One day like any other a huge starship lands nearby, and Wall.E is smitten with Eve (Extraterrestrial Vegetation Evaluator) the sleek white being that emerges to survey Earth for life.

After some mishaps and lingering glances, Eve is called back to her base, with Wall.E hanging on to the side of her huge craft for dear life, whereupon it blasts into space to return to the massive space cruiser where the human race now lives, all too fat to walk, their every whim and desire met with technology.

For some reason that's never really explained, the machines don't want the vegetation common knowledge so as to not return to Earth and the humans, led by the Axiom captain, have to take control back off them to return to the long-promised home planet they don't even realise they missed.

And all the while, Wall.E and Eve fall further into the most bizarre but among the most heartfelt kinds of love you've seen on film.

I have a theory about why Wall.E will be one of Pixar's lesser films. With so much about technology, machinery, robots and the far future, it's less a family movie as most of their films have been and more a boys' movie. The technical aspects of the movie - both within the movie itself and in the animation quality and design of the long-abandoned Earth - are brilliant, in fact the best part of it.

But the story is still a very neat knick-knack box of ideas that all slot together pitch perfectly, and what really strikes you is how heavy with symbolism, allegory and subtext it is.

There's the hegemony of the market on civil life, thanks to the global conglomerate Buy and Large who seems to make everything, complete with a CEO (Fred Willard) who appears behind a podium and seal much like the US President.

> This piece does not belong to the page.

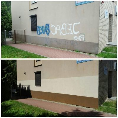 Nasza firma zajmuje się usuwaniem aktów wandalizmu (Graffiti) z budynków prywatnych jak i użytku publicznego. Graffiti usuwane jest przy użyciu specjalistycznych systemów i preparatów nieuszkadzających powierzchnię. Doprowadzamy całkowicie materiał do stanu z przed zniszczenia a preparaty nie zagrażają środowisku. Usługa wykonywana jest przy użyciu niezależnych maszyn wodnych lub granulatowych. Usuniemy graffiti z każdej powierzchni.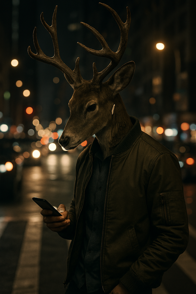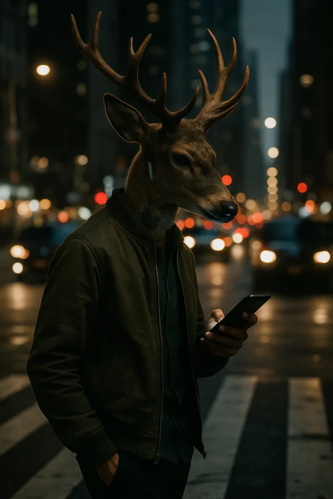 Wszyscy znamy ten widok: pędzące samochody, neony odbijające się w kałużach, tłum ludzi wpatrzonych w ekrany swoich smartfonów. A teraz wyobraź sobie, że w centrum tego chaosu, na przejściu dla pieszych, stoi majestatyczny jeleń. Nie jest jednak spłoszony. Na szyi ma subtelne tatuaże, w uszach nowoczesne słuchawki, a jego wzrok, podobnie jak nasz, utkwiony jest w ekranie telefonu.

There's the almost constant theme of old vs new, with Wall.E like an old Apple II or early Machintosh, all battered charm complete with the Apple start-up chime, and the sleek, white-bodied, iMac-like Eve.

When we join humanity, the subtext about over-reliance on technology is deafening, the citizens of this entirely automated and managed world not even aware of the tactile experience around them as they live in hover-chairs paying attention to screens projected in front of them for all their communications and other human pursuits, attended by ubiquitous robotic servants.

There's a strong comment on non-conformity, most evident in the 'let the inmates run the asylum' device where the robots who are in for repair are inadvertently let loose to create havoc and become a misfit club along with Wall.E and Eve when they go rogue to stay away from the ubiquitous security robots.

There's even a little device about thinking outside the square, the robot armies making their way around the great ship by lighted tracks on the ground - the kind modern factories loved in the late 90s. When a tiny cleaning robot called Mo steps of the track, an alarm sounds, but after looking this way and that to his terror he can see the sky hasn't fallen.

Most interesting of all however is the breathtaking hypocrisy about a movie that comes from a studio that's so inextricably linked to a company (Apple) who's entire reason for being is all the 'bad' things the film cleverly warns us about.

If you can tune all that out and like the movie despite itself, you'll enjoy some of the best animation on screen so far in movie history - better than any other Pixar effort - and some momentous world-building. The sound effects, physics and movement of the universe within the story are awesome, and like always, it's been very well written and executed.